Assignment:
Exactly as written, return all the data, leaving its pictures behind.

======== Dataset records

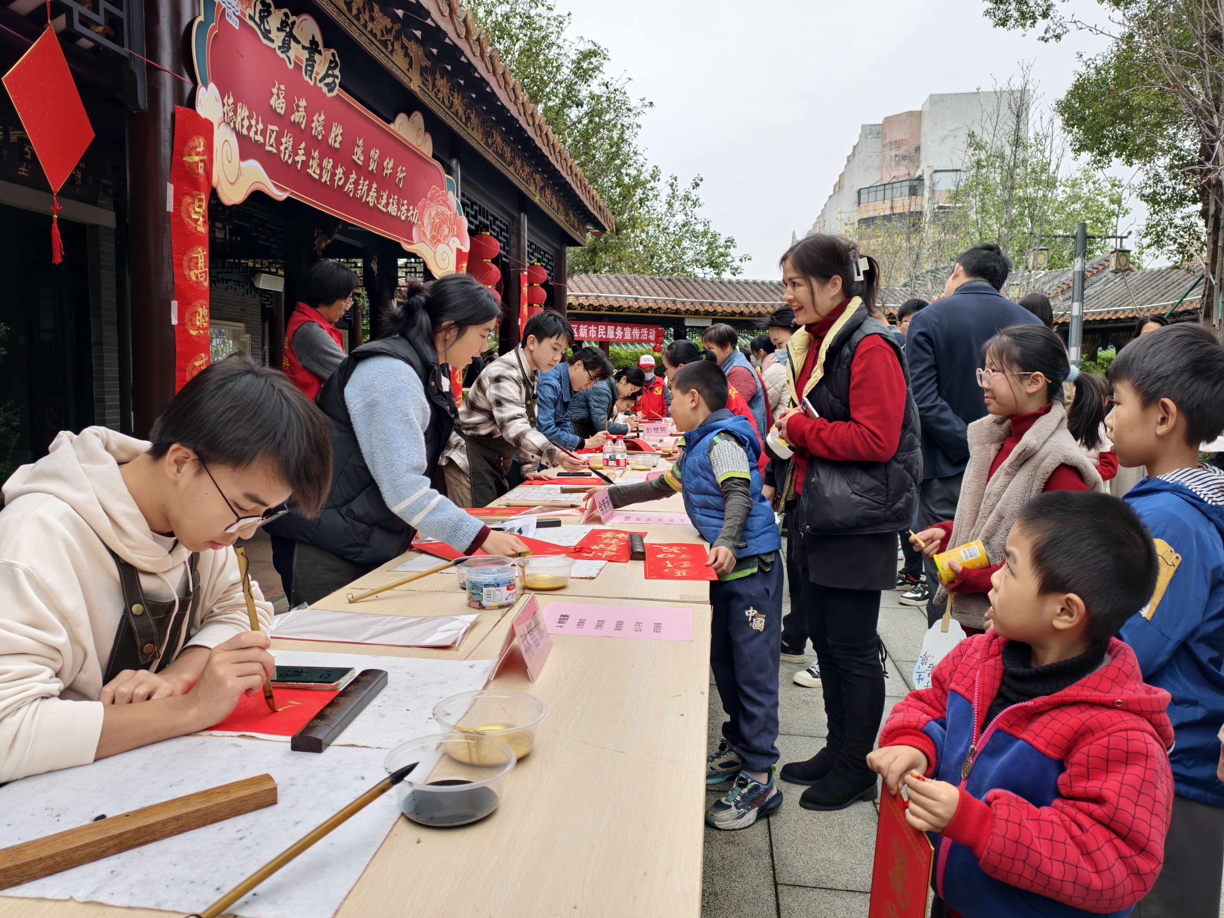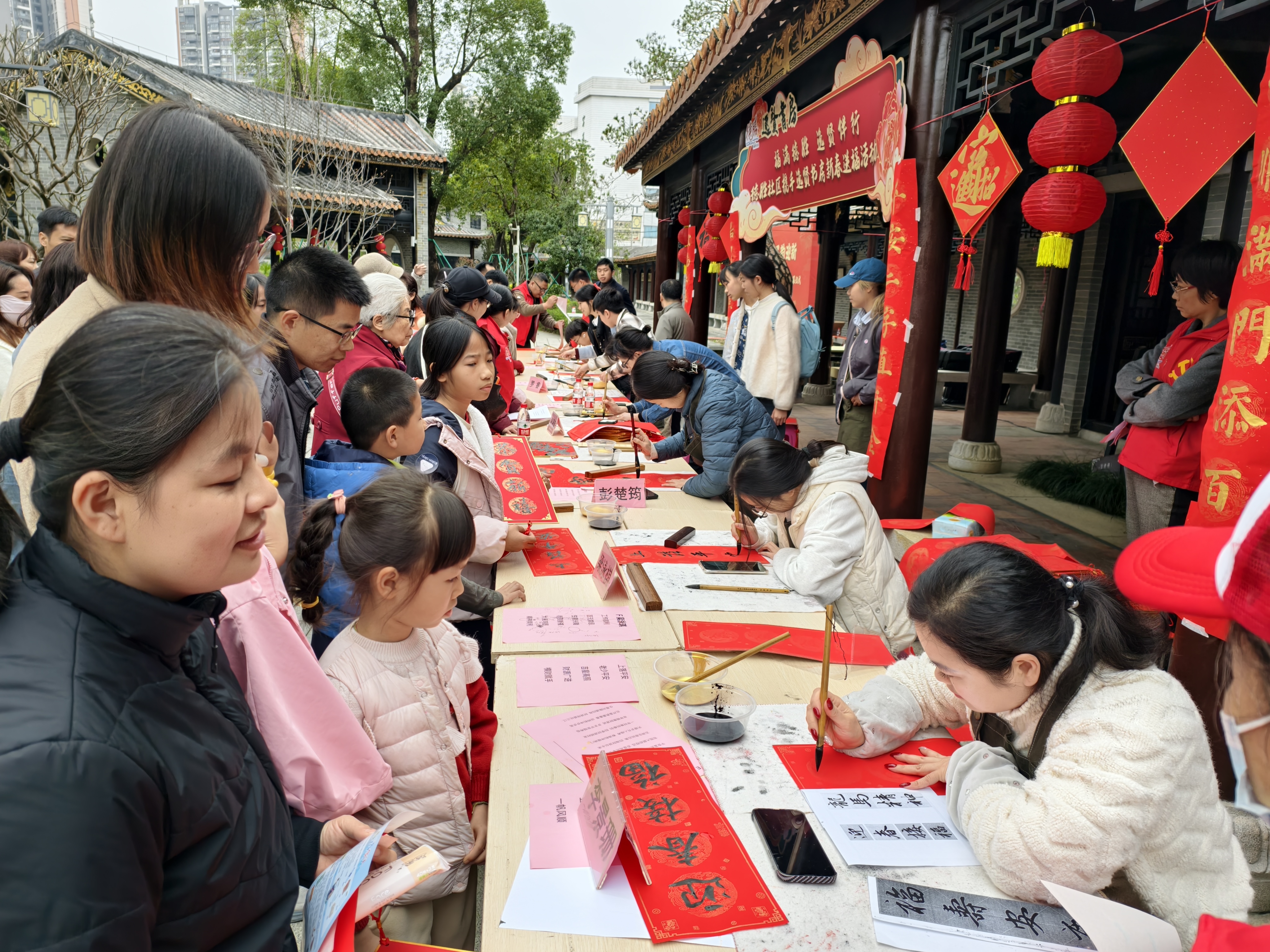 活动现场最热闹的区域,当属新春送福与非遗体验区。本次新春送福活动由德胜社区携手逸贤书房共同开展,广东省书法家协会会员、顺德区青年书法家协会理事、逸贤书房负责人周贤聪携7位学员现场挥毫,一幅幅充满年味的福字、一副副寓意吉祥的春联跃然纸上。职工、居民争相领取这份墨香满满的新春祝福,欢乐祥和的氛围和雅致的岭南园林相得益彰。
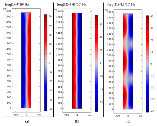Acoustic pressure distribution in a nanochannel excited at: (a) 900 MHz; (b) 1001 MHz; and (c) 1100 MHz.
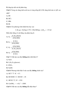 Câu 5: Trong các dung dịch acid sau có cùng nồng độ 0,1M, dung dịch nào có pH cao nhất? A. HF. B. HCl . C. HBr. D. HI.
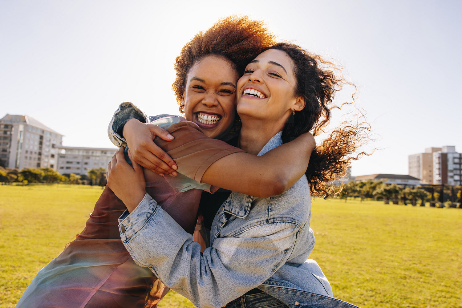 Two cheerful female students hugging in public park on a sunny afternoon, reflecting joy, friendship, and happiness.
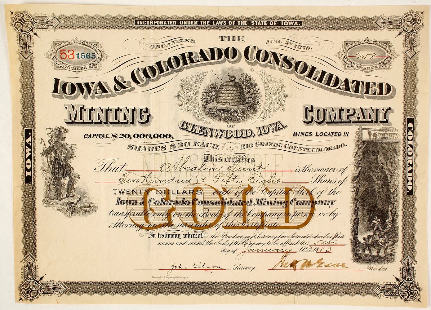 Inc. in Iowa. Mines Located in Rio Grande County, Colorado (printed on certificate). No. 531565, issued for 208 shares to Absalom Flint on Jan. 5th, 1883. Signed by the president (illegible) and secretary John Gibson. Not cancelled. Native American warrior vignette (left) and underground mining scene (right). Printed by Western BN & Engraving, Chicago. Folds, a few small (0.5") tears along the edges. Burchard (1882) classifies this company's property as "of the best character." He also gives a detailed description of the company's 50 stamp mill and the Iowa tunnel and tramway. By his 1884 report, he says the company is now idle; that they have 19 claims; that the main Iowa tunnel is in 1,300 feet. (Al Adams Gold Rush Memorabilia Collection) Date: Location: Rio Grande County, Colorado HWAC# 59056
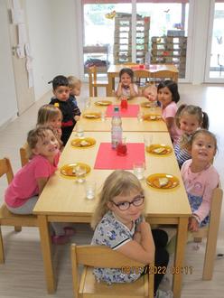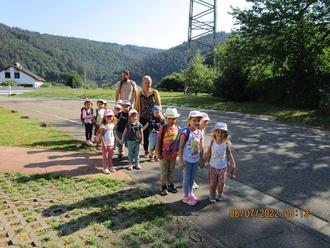 Und der Imker, Herr Hess, hat uns was von den Bienen erzählt. Er hat gesagt, es gibt Drohnen, Arbeiterinnen und Königinnen in einem Bienenstock. Und nur die Königin legt die Eier. Der Herr Hess hat die Bienenkönigin sogar in die Hand genommen und die hat nicht gestochen. Er hat uns auch die Drohnen gezeigt, die können nicht stechen. Das waren ganz liebe Bienen, die haben wirklich überhaupt nicht gestochen. Dann hat der Imker eine Wabe herausgenommen und hat sie uns ganz nah gezeigt. Da haben wir sogar den Honig gesehen.
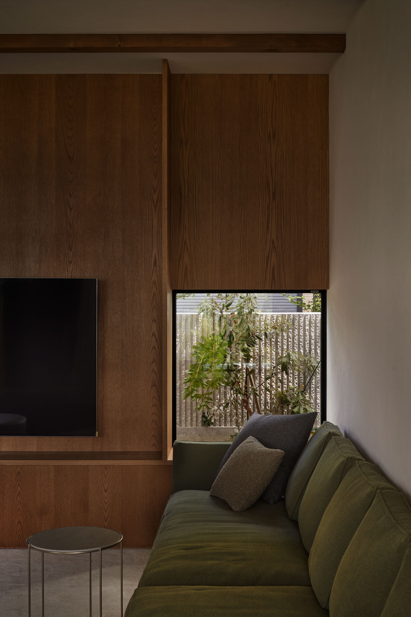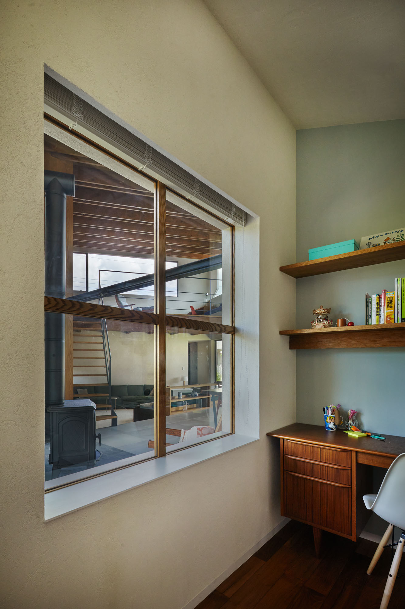 リビングからキッチン方向を見る。中央の窓の裏は子ども部屋。視線が交わることは少ないが様子はわかる、適度な距離感を実現。窓の前に設けられた暖炉テラスは、北側のデッキにと接しており外部の空気感も楽しみながら、落ち着いた時間を過ごせる

================

Answer:
 活动现场最热闹的区域,当属新春送福与非遗体验区。本次新春送福活动由德胜社区携手逸贤书房共同开展,广东省书法家协会会员、顺德区青年书法家协会理事、逸贤书房负责人周贤聪携7位学员现场挥毫,一幅幅充满年味的福字、一副副寓意吉祥的春联跃然纸上。职工、居民争相领取这份墨香满满的新春祝福,欢乐祥和的氛围和雅致的岭南园林相得益彰。
Acoustic pressure distribution in a nanochannel excited at: (a) 900 MHz; (b) 1001 MHz; and (c) 1100 MHz.
 Câu 5: Trong các dung dịch acid sau có cùng nồng độ 0,1M, dung dịch nào có pH cao nhất? A. HF. B. HCl . C. HBr. D. HI.
 Two cheerful female students hugging in public park on a sunny afternoon, reflecting joy, friendship, and happiness.
 Inc. in Iowa. Mines Located in Rio Grande County, Colorado (printed on certificate). No. 531565, issued for 208 shares to Absalom Flint on Jan. 5th, 1883. Signed by the president (illegible) and secretary John Gibson. Not cancelled. Native American warrior vignette (left) and underground mining scene (right). Printed by Western BN & Engraving, Chicago. Folds, a few small (0.5") tears along the edges. Burchard (1882) classifies this company's property as "of the best character." He also gives a detailed description of the company's 50 stamp mill and the Iowa tunnel and tramway. By his 1884 report, he says the company is now idle; that they have 19 claims; that the main Iowa tunnel is in 1,300 feet. (Al Adams Gold Rush Memorabilia Collection) Date: Location: Rio Grande County, Colorado HWAC# 59056
 Und der Imker, Herr Hess, hat uns was von den Bienen erzählt. Er hat gesagt, es gibt Drohnen, Arbeiterinnen und Königinnen in einem Bienenstock. Und nur die Königin legt die Eier. Der Herr Hess hat die Bienenkönigin sogar in die Hand genommen und die hat nicht gestochen. Er hat uns auch die Drohnen gezeigt, die können nicht stechen. Das waren ganz liebe Bienen, die haben wirklich überhaupt nicht gestochen. Dann hat der Imker eine Wabe herausgenommen und hat sie uns ganz nah gezeigt. Da haben wir sogar den Honig gesehen.
 リビングからキッチン方向を見る。中央の窓の裏は子ども部屋。視線が交わることは少ないが様子はわかる、適度な距離感を実現。窓の前に設けられた暖炉テラスは、北側のデッキにと接しており外部の空気感も楽しみながら、落ち着いた時間を過ごせる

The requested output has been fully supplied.